State Sen. Dale Risinger (R-Peoria) said Senate Bill 107 (P.A. 96-0927) will modernize Illinois’ existing telecommunications law, which had been implemented before the prevalent use of cell phones. The law will continue to safeguard consumers by extending affordable package options to those who still use landline services, while also lifting unnecessary regulations to promote companies’ investment in wireless and broadband technology.

The measure also encourages market competition by allowing telephone companies to alter price and phone package details without approval from the Illinois Commerce Commission, which often took weeks.

Another measure, House Bill 6349 (P.A. 96-0929), puts Illinoisans to work when they need it most. The bill requires that at least 90 percent of workers hired for construction and hazardous waste clean-up on public works projects must be workers from Illinois, if the state unemployment rate is over 5 percent for two consecutive calendar months.

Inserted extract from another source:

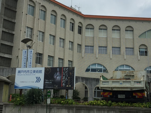 岡山在住で妖怪系文人の化野燐さんがトークする日もあるというので知ったのですが、この美術館が岡山駅からちょと距離ある場所。赤穂線は何年か前に備前長船刀剣博物館に行くとき乗ったなあ、最初はSuica使えなくてまごついたことが。今は途中までとはいえ使えるようになってました。美術館へのバスの乗換え便利案内も公式サイトにあるし、安心して邑久駅からバスで牛窓、美術館のある瀬戸内市役所牛窓庁舎へ。立派な建物。

The measure seeks to create job opportunities for Illinoisans during tough economic times and instances of significant unemployment.

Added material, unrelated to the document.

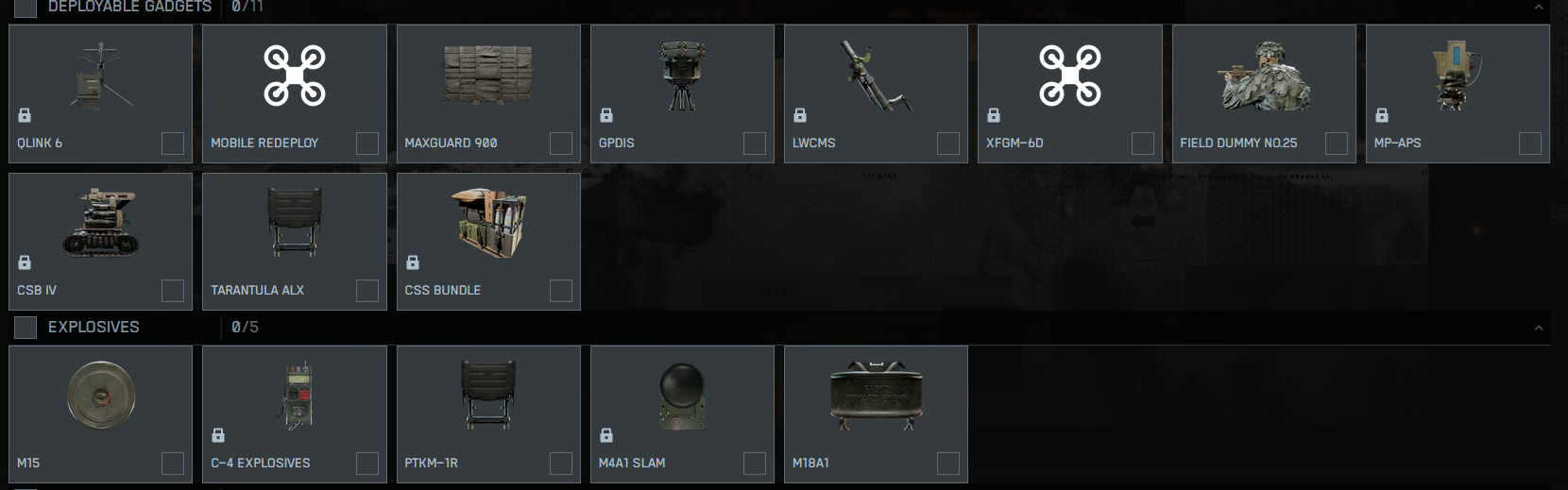 - Tarantula ALX (Assault Ladder) under "Deployable Gadgets" - Enabling/Disabling this ONLY enables/disables the Recon Decoy (Field Dummy No.25). It has no impact on the assault ladder

In other news, Risinger said Illinois’ credit rating was downgraded once again, based primarily on the state’s continuing budget deficit. Fitch Ratings recently downgraded Illinois, which now has the second-lowest rating in the nation after California. The downgrade comes on the heels of a Moody’s Investors Service downgrade, which tied Illinois with California for the worst-rated state in the nation.

The two downgrades bring the total number of downgrades under Gov. Pat Quinn to eight — almost triple the three downgrades Illinois received under former Gov. Rod Blagojevich. Illinois has only been downgraded 17 times in its history, and almost half of those occurred during Quinn’s one-and-a-half years in office.

Credit downgrades serve as independent “report cards” of the state’s finances. The lower the state’s credit rating, the more it costs when the state tries to borrow money. It’s likely that these downgrades will lead to hundreds of millions of dollars in higher interest costs in the future.